Saṃghadeva 僧伽提婆 (Chinese gloss 眾天 Zhòngtiān “Saṅgha-Heaven”; with the family-name Gautama 瞿曇 in his fuller Chinese name 瞿曇僧伽提婆 Qútán Sēngjiā-típó; lay surname Gautama 瞿曇; DILA Authority A001589) was a Kashmirian (罽賓國) monk and one of the most important translators of the late fourth century. The biographical sources are the Chū sānzàng jì jí 出三藏記集 (T2145, 99c–100a) and the Gāosēng zhuàn 高僧傳 (T2059, 328c–329a). He arrived in the Fú-Qín 苻秦 capital of Cháng’ān during the Jiànyuán 建元 reign-period (365–384), where he joined the Daoan-circle’s 道安 translation enterprise; he was a recognised master of the Sarvāstivāda Abhidharma, a fluent reciter of the Tridharmaka-śāstra (《三法度論》, T1506) and an authority on the Abhidharma-hṛdaya-śāstra (《阿毘曇心論》). The Cháng’ān biographies describe him as “of refined and clear judgement, of warm and modest demeanour.”

After the political collapse of the Fú-Qín he travelled south through Lúoyáng to the Eastern Jìn south, where he was patronised by the powerful aristocrat-Buddhist Wáng Xún 王珣 (349–400) at Lúshān 廬山 and Jiànkāng.
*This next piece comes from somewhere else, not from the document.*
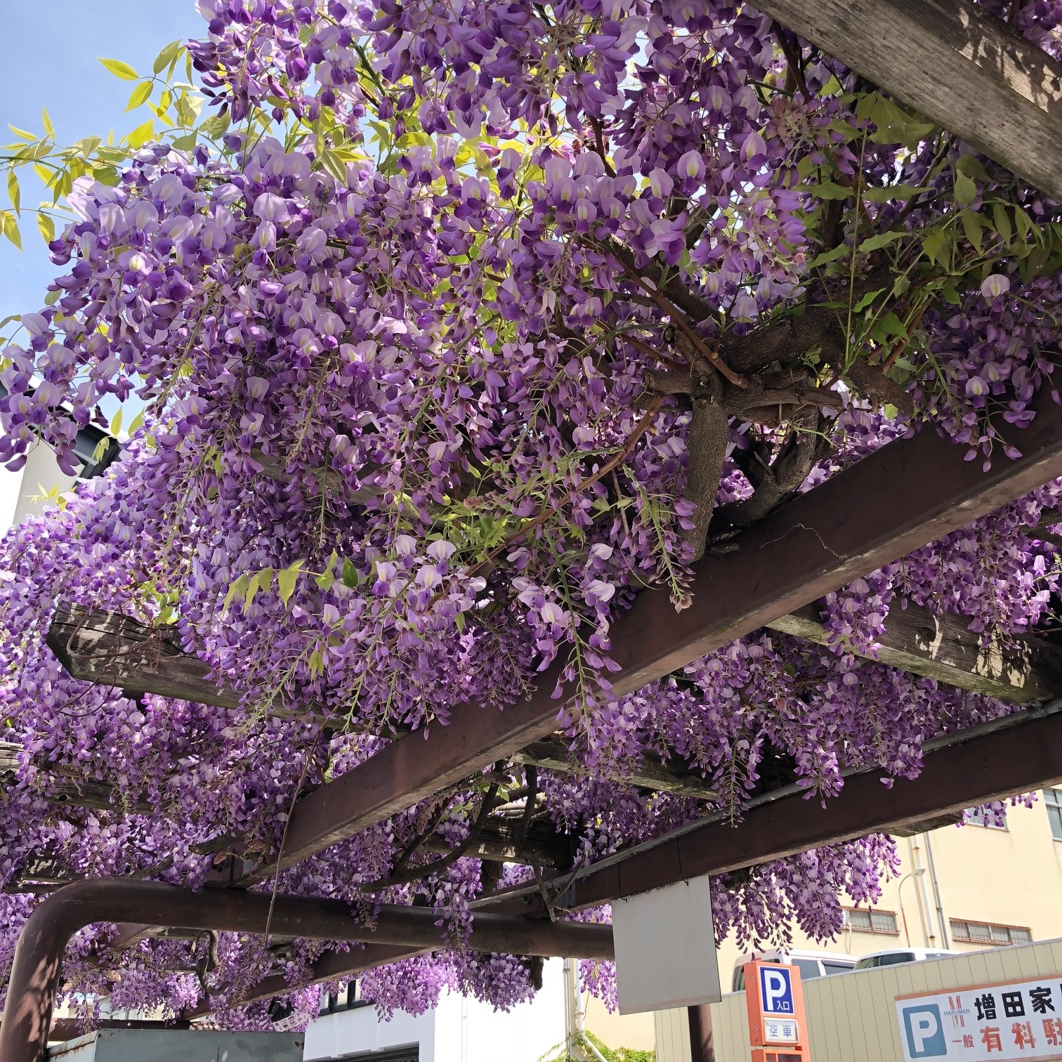 通りに入るとすぐ藤の花が。きれいですね。

Working at the Dōngtíng-sì 東亭寺 in Jiànkāng under imperial patronage, he produced two of the most important translations of the early Chinese canon: the [[KR6a0026|Zhōng āhán jīng 中阿含經]] (T26, the Madhyama-āgama, in 60 fascicles, completed November 397 – June 398 CE), and the Zēngyī āhán jīng 增壹阿含經 (T125, the Ekottara-āgama, in 51 fascicles; the surviving recension of T125 is largely Saṃghadeva’s revision of an earlier Dharmanandi rendering). He is also credited with the Tridharmaka-śāstra (T1506) and the Abhidharma-aṣṭa-grantha (《阿毘曇八犍度論》, T1543, with 竺佛念). His Chinese-language collaborator on T26 was the otherwise little-known Dàozǔ 道祖.

The Gāosēng zhuàn records his death only as “thereafter no longer known” — meaning his year and place of death are unrecorded. His translation career thus spans roughly 365–398 CE, with a probable death date sometime in the early fifth century.